My Lords, I do not class myself in the category of those noble Lords who declare an interest in this debate in connection with the cinematograph industry, but, like the vast majority of people in this country, I feel that the industry is giving rise to ever-growing concern and I hope that the points which I am going to make this afternoon will explain why. Several noble Lords have dealt with the matter of the cinema tax. Perhaps, strictly speaking, it does not come within the scope of this Bill, but I would say that unless the tax is removed very soon the Bill itself will be rendered null and void because the industry will just be unable to carry on.

On Sunday night I spoke to the manager of our local Rank circuit cinema in Epsom. He has been in the cinema industry for 40 years, abroad and in this country, in London and in the provinces. He told me that entertainments tax is causing him more worry than anything else. The arts, music, the theatre and ballet receive grants from the Arts Council—and rightly so; but the help which the cinema industry gets from the Government is indeed parsimonious. Clause 2 of this Bill has been widely mentioned and I certainly do not intend to go into the technicalities of it, but I feel that there is some reason for applying the quota system to newsreels, provided that feature films, which are frequently shown as newsreels, are also included there. On the Rank circuit there is a particularly interesting series of feature films called Looking at Life. I have seen two of these recently, one a particularly interesting film of the shipbuilding industry and the other of the Army in action at Aldershot. As has been rightly said, newsreels tend to reach the cinemas in a very stale condition, whereas they can be shown on television while they are relatively fresh news. But the newsreel is still a very important part of our way of life as depicted in the medium of cinematograph entertainment, and I feel that steps should be taken to ensure that there is a speed-up in the delivery of newsreels.
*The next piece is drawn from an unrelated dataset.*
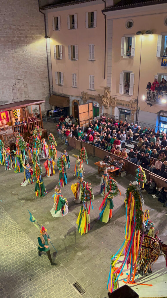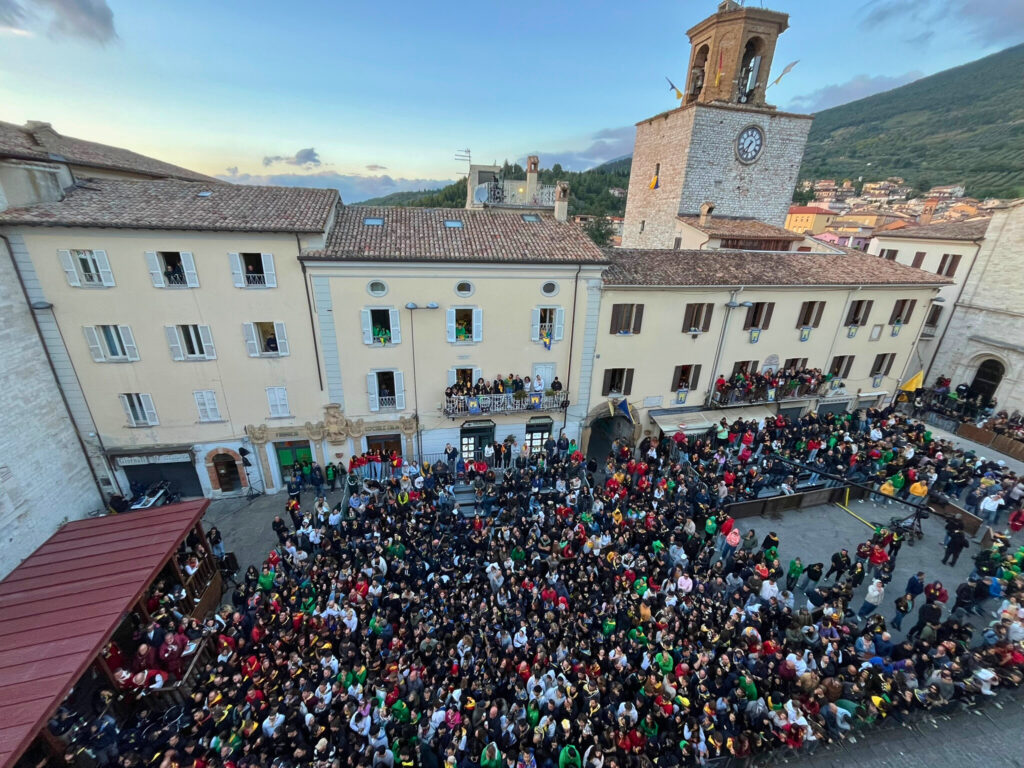 Bei den „Giochi de le Porte“ treten an drei Tagen die vier Stadtteile in mehreren Disziplinen gegeneinander an: San Benedetto, San Martino, San Facondino und San Donato – repräsentiert durch die Farben Blau, Rot, Grün und Weiß. Sie messen sich bei einem Eselrennen, beim Pfeil und Bogen-Schießen und beim Zielen auf einen Porzellanteller mit einer mittelalterlichen Schleuder. Umrahmt werden die Spiele von einem feierlichen Einzug der einzelnen Gruppen und einem mehrstündigen Umzug durch die Stadt, bei dem die Stadtteile mit selbstgestalteten Wagen, Kostümen und – teils schauspielerischen – Darbietungen für Begeisterung bei den Zuschauern sorgen. Als Sieger der diesjährigen „Giochi de le Porte“ ging der Stadtteil San Benedetto hervor.

Another problem is the very tight hold which circuits have over the release of films. For example, when a film is showing in the north and west regions of the London area it has to be shown, as I understand it, at practically every cinema of that particular designation in the area—be it Epsom, or, say, Mitcham. The people in Epsom may like British films and those in Mitcham may prefer the cowboy film from America. I feel, therefore, that some relaxation within circuits could be of some help.

Something has been said of television and its effect on cinema audiences. I often feel that that is something of an alibi and excuse for those who fail to produce good quality films. I went to see that very good and oft-quoted film, I'm All Right, Jack, in my local cinema the other week. There were long queues every night, and that film could have run for two, and possibly for three, weeks. After all, Epsom is a town of perhaps 20,000 people. So I do not think that the excuse of television can always hold good.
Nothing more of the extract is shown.